Exhaustive characterization of modified Si vacancies in 4H-SiC

TL;DR

This study combines computational and experimental methods to identify and characterize silicon vacancy-related defects in 4H-SiC, revealing new defect configurations relevant for quantum technologies.

Contribution

It introduces a high-throughput defect database approach to identify defect structures that explain observed magneto-optical signals in 4H-SiC, specifically focusing on silicon vacancies and nearby antisite defects.

Findings

Identification of C_Si as a perturbing defect near V_Si^-

Reported zero phonon lines and zero field splitting for defect complexes

High agreement between computational predictions and experimental photoluminescence data

Abstract

The negatively charged silicon vacancy ($\mathrm{V_{Si}^-}$) in silicon carbide is a well-studied point defect for quantum applications. At the same time, a closer inspection of ensemble photoluminescence and electron paramagnetic resonance measurements reveals an abundance of related but so far unidentified signals.

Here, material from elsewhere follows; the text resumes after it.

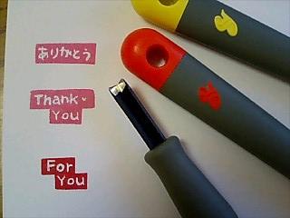 今日は娘の彫刻刀をこっそり借りて文字だけ彫ってみました。 娘の彫刻刀、切れ味抜群っ。さすが、安くはないだけのことはある。まだ新品だし。(2学期に斡旋注文があって そろそろ使い始める予定)以前100円で2本セットの彫刻刀で彫ってみたときは 切れ味悪くて深堀りしないとぜんぜんダメで、ちっとも役にたたなかったのに。う~ん・・・私用にもイイ彫刻刀 欲しいかも。 最近、めだかさん kabu☆chanさんがはんこケースを紹介されていました。A4クリアケースを使用されてましたね。持ち運びできるあたり いいな~と思いつつもわたしは今も3段ケース愛用してます。3段と2段を使っていたこともあったけど、またさらに増えたので 今は3段二つ。しかも、間に厚紙はさんで引き出し1段を二重にして使ってます。 でも、インクパッドはA4クリアケース使ってます(´▽`)今手持ちのファブリコがちょうどぴったり。 ところで、ずーっと気になっていたこと。みなさん 使った後のはんこは どんな風にキレイにしてるんでしょう?濡れティッシュでティッシュオフ?そんなのじゃ後で色が混ざっちゃいますよね。わたしはコレ。 100円屋さんで買った、なんだったっけ?切手を貼るときなんかに使う 水を含ませたスポンジを入れておくケース。あれの外側のケースを一回り大きいタッパーに変えたもの。これにたっっぷりと水を含ませておいて はんこをぶしゅぶしゅっと押し付けます。気持ちいいくらいきれいになります。こんなことやってるのはわたしだけかなぁ?**追加**ピンク色のが元のケース。これだと小さくて水がすぐ濁っちゃうんで 上の透明の方に入れ替えて使ってます。

In this study, we search for defects in 4H-SiC that explain the above magneto-optical signals in a defect database generated by Automatic Defect Analysis and Qualification (ADAQ) workflows. This search reveals only one class of atomic structures that exhibit silicon-vacancy-like properties in the data: a carbon antisite ($\mathrm{C_{Si}}$) within sub-nanometer distances from the silicon vacancy only slightly alters the latter without affecting the charge or spin state. Such a perturbation is energetically bound. We consider the formation of $\mathrm{V_{Si}^-+C_{Si}}$ up to 2 nm distance and report their zero phonon lines and zero field splitting values. In addition, we perform high-resolution photoluminescence experiments in the silicon vacancy region and find an abundance of lines. Comparing our computational and experimental results, several configurations show great agreement. Our work demonstrates the effectiveness of a database with high-throughput results in the search for defects in quantum applications.